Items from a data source
------------------------

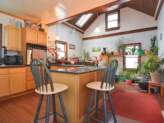 This spacious 4-bedroom, 2-bathroom home is ready for its new owner! You'll appreciate the beautifully updated kitchen featuring hardwood floors, granite countertops, and a natural wood breakfast bar. The wooden cathedral ceiling, complete with a skylight, creates a bright and inviting atmosphere. The first-floor bedroom/office provides ample space for those who work from home. The main level also includes a formal dining room, a cozy living room, a full bathroom, and a main entry with a custom tile floor. Upstairs, you'll find 3 additional bedrooms and another full bathroom, along with a partially finished walk-up attic offering two bonus rooms that are in need of some TLC. The basement is partially finished and includes a wood stove, perfect for extra warmth and comfort. Enjoy the changing seasons from your porch or unwind in the large, private backyard. The oversized 2-car garage has its own electric meter and furnace, making it an ideal space for a workshop or additional storage.
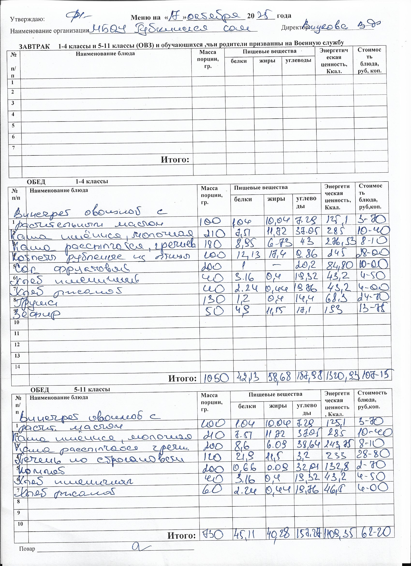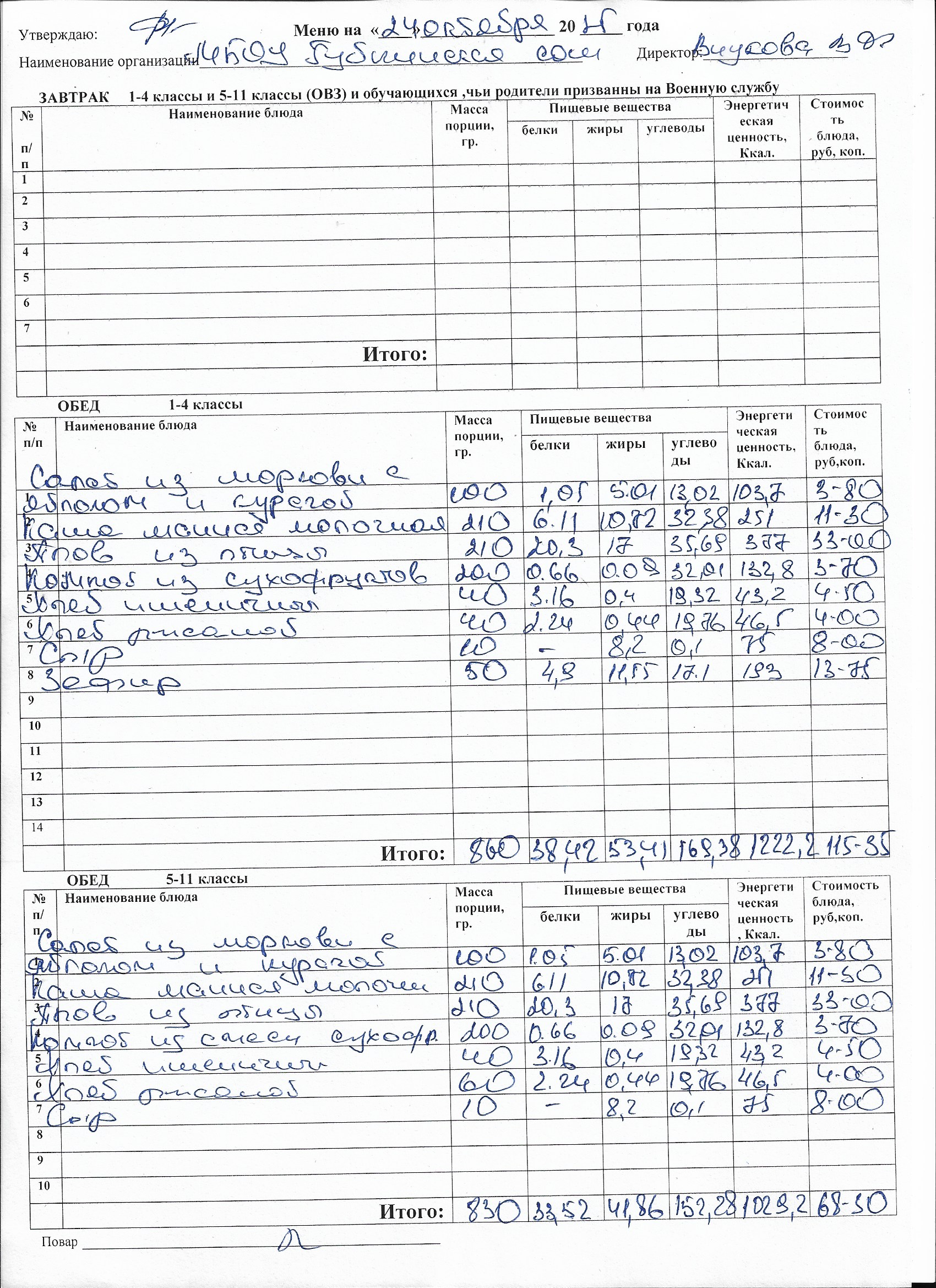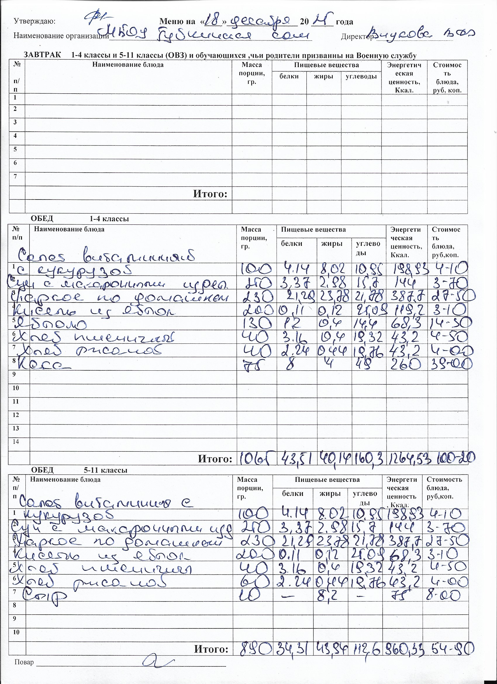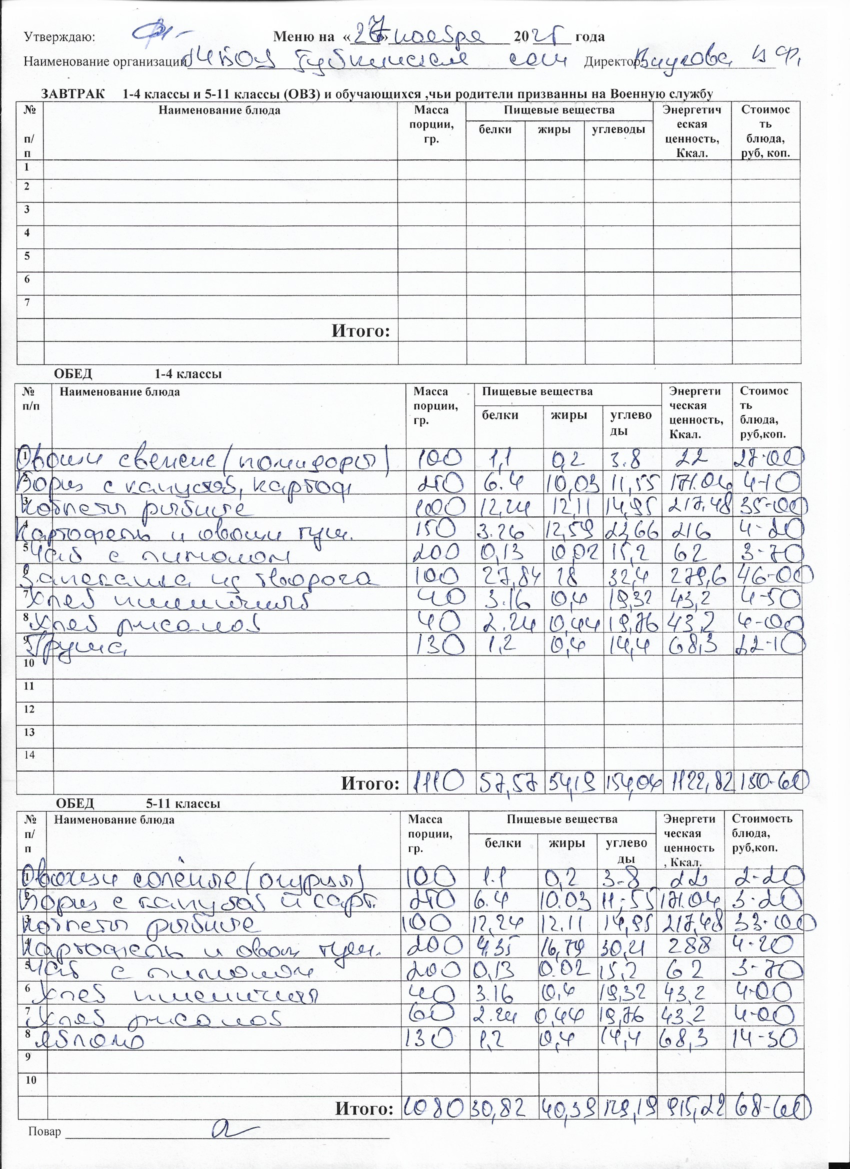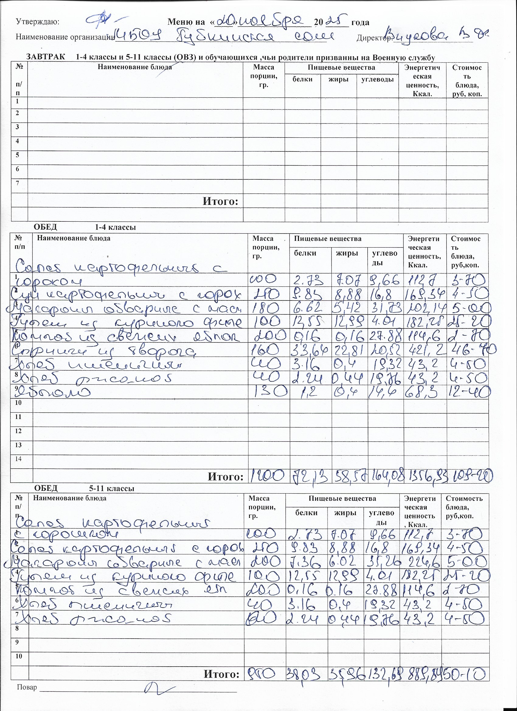 Меню на каждый день
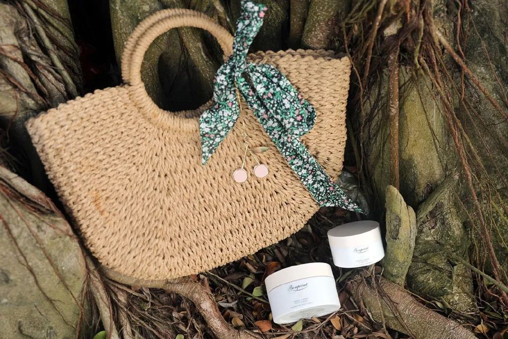 現(xiàn)在咩咩長大了一點(diǎn),開始學(xué)著我的樣子,給自己涂涂抹抹。前陣子我們?nèi)ザ燃?,她就拎著自己的Bonpoint草編包,里面裝上她的面霜和潤膚乳,像個(gè)小大人似的。
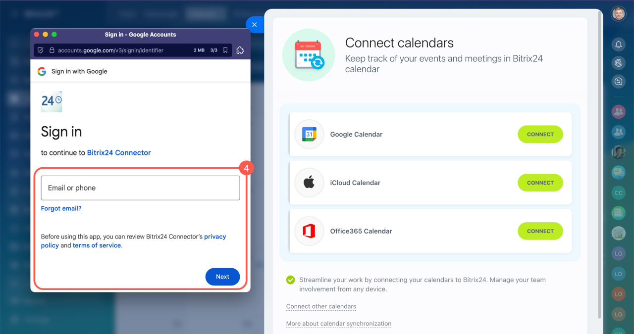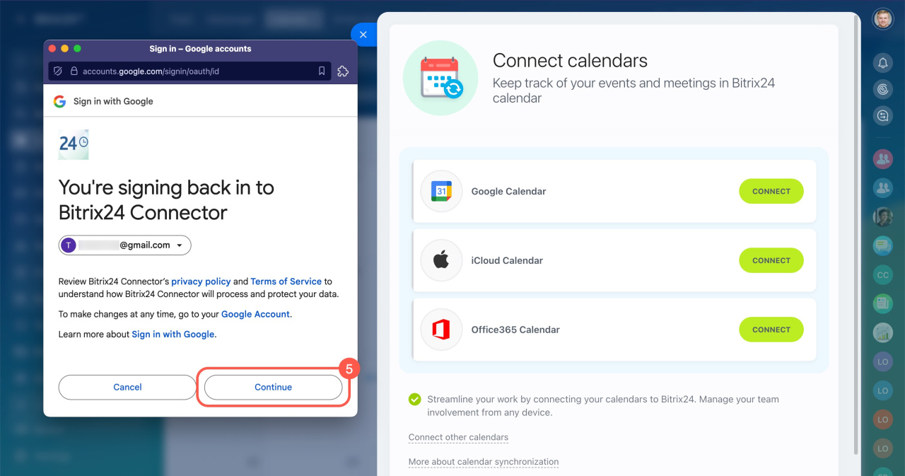 Autorisez Bitrix24 Connector à accéder à votre calendrier Google :
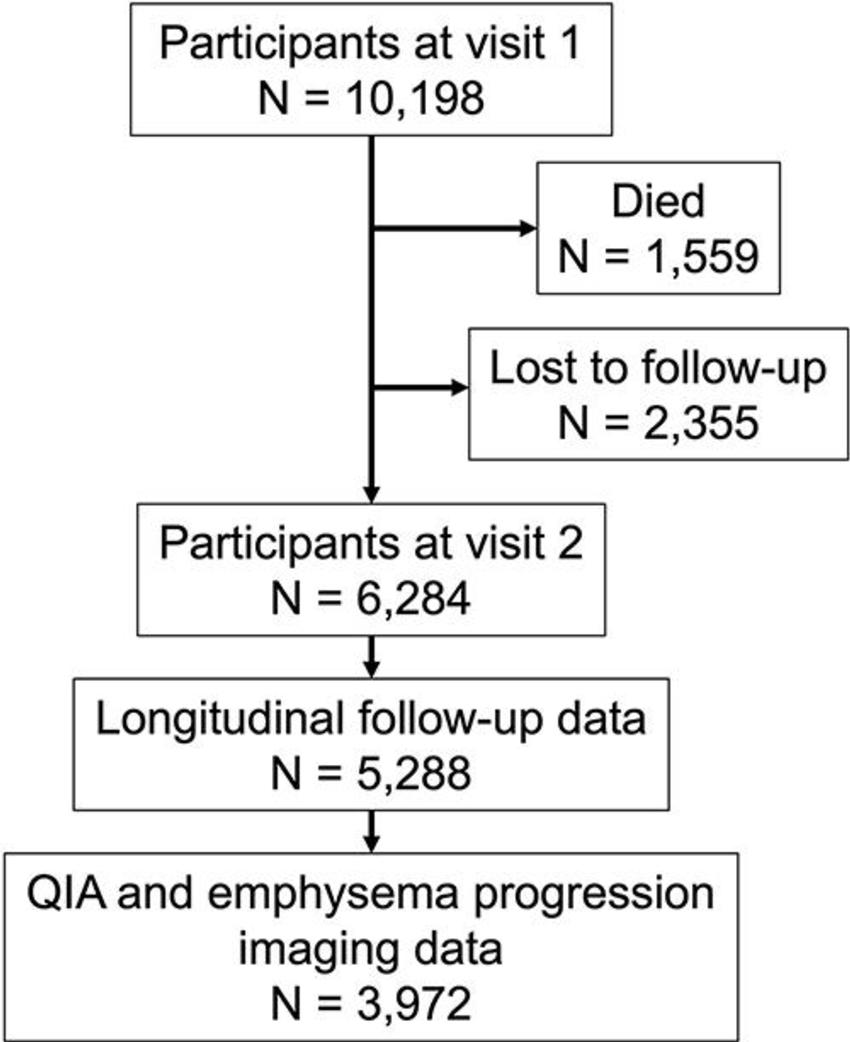 QIA was measured with machine learning-based tools as a percentage of lung volume on a CT scan. QIA progression was assessed using the participants' QIA measurements at baseline and five-year follow-up CT exams.
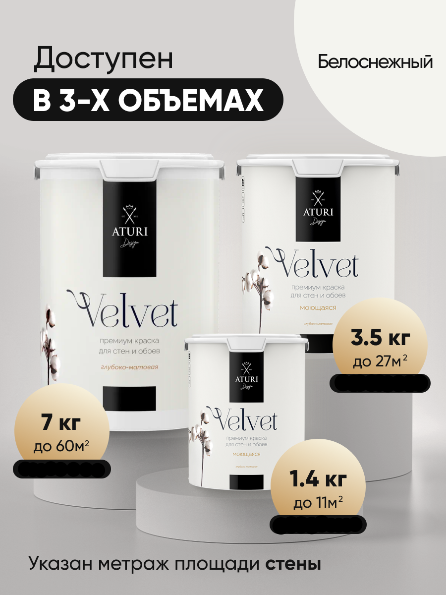 Краска интерьерная для стен и обоев Aturi Design Velvet Белоснежная 3,5 кг. Моющаяся, матовая, белая, без запаха
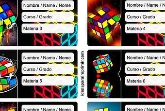 Plantillas con 10 etiquetas de Cubo Rubik para cuadernos, carpetas, libros y manuales escolares para descargar GRATIS en formato PDF. Listas para editar e imprimir en hoja A4.

------------------------

* What you are asked to do *
The reply should reproduce every entry above word for word and contain no pictures.

* The answer *
 This spacious 4-bedroom, 2-bathroom home is ready for its new owner! You'll appreciate the beautifully updated kitchen featuring hardwood floors, granite countertops, and a natural wood breakfast bar. The wooden cathedral ceiling, complete with a skylight, creates a bright and inviting atmosphere. The first-floor bedroom/office provides ample space for those who work from home. The main level also includes a formal dining room, a cozy living room, a full bathroom, and a main entry with a custom tile floor. Upstairs, you'll find 3 additional bedrooms and another full bathroom, along with a partially finished walk-up attic offering two bonus rooms that are in need of some TLC. The basement is partially finished and includes a wood stove, perfect for extra warmth and comfort. Enjoy the changing seasons from your porch or unwind in the large, private backyard. The oversized 2-car garage has its own electric meter and furnace, making it an ideal space for a workshop or additional storage.
 Меню на каждый день
 現(xiàn)在咩咩長大了一點(diǎn),開始學(xué)著我的樣子,給自己涂涂抹抹。前陣子我們?nèi)ザ燃?,她就拎著自己的Bonpoint草編包,里面裝上她的面霜和潤膚乳,像個(gè)小大人似的。
 Autorisez Bitrix24 Connector à accéder à votre calendrier Google :
 QIA was measured with machine learning-based tools as a percentage of lung volume on a CT scan. QIA progression was assessed using the participants' QIA measurements at baseline and five-year follow-up CT exams.
 Краска интерьерная для стен и обоев Aturi Design Velvet Белоснежная 3,5 кг. Моющаяся, матовая, белая, без запаха
 Plantillas con 10 etiquetas de Cubo Rubik para cuadernos, carpetas, libros y manuales escolares para descargar GRATIS en formato PDF. Listas para editar e imprimir en hoja A4.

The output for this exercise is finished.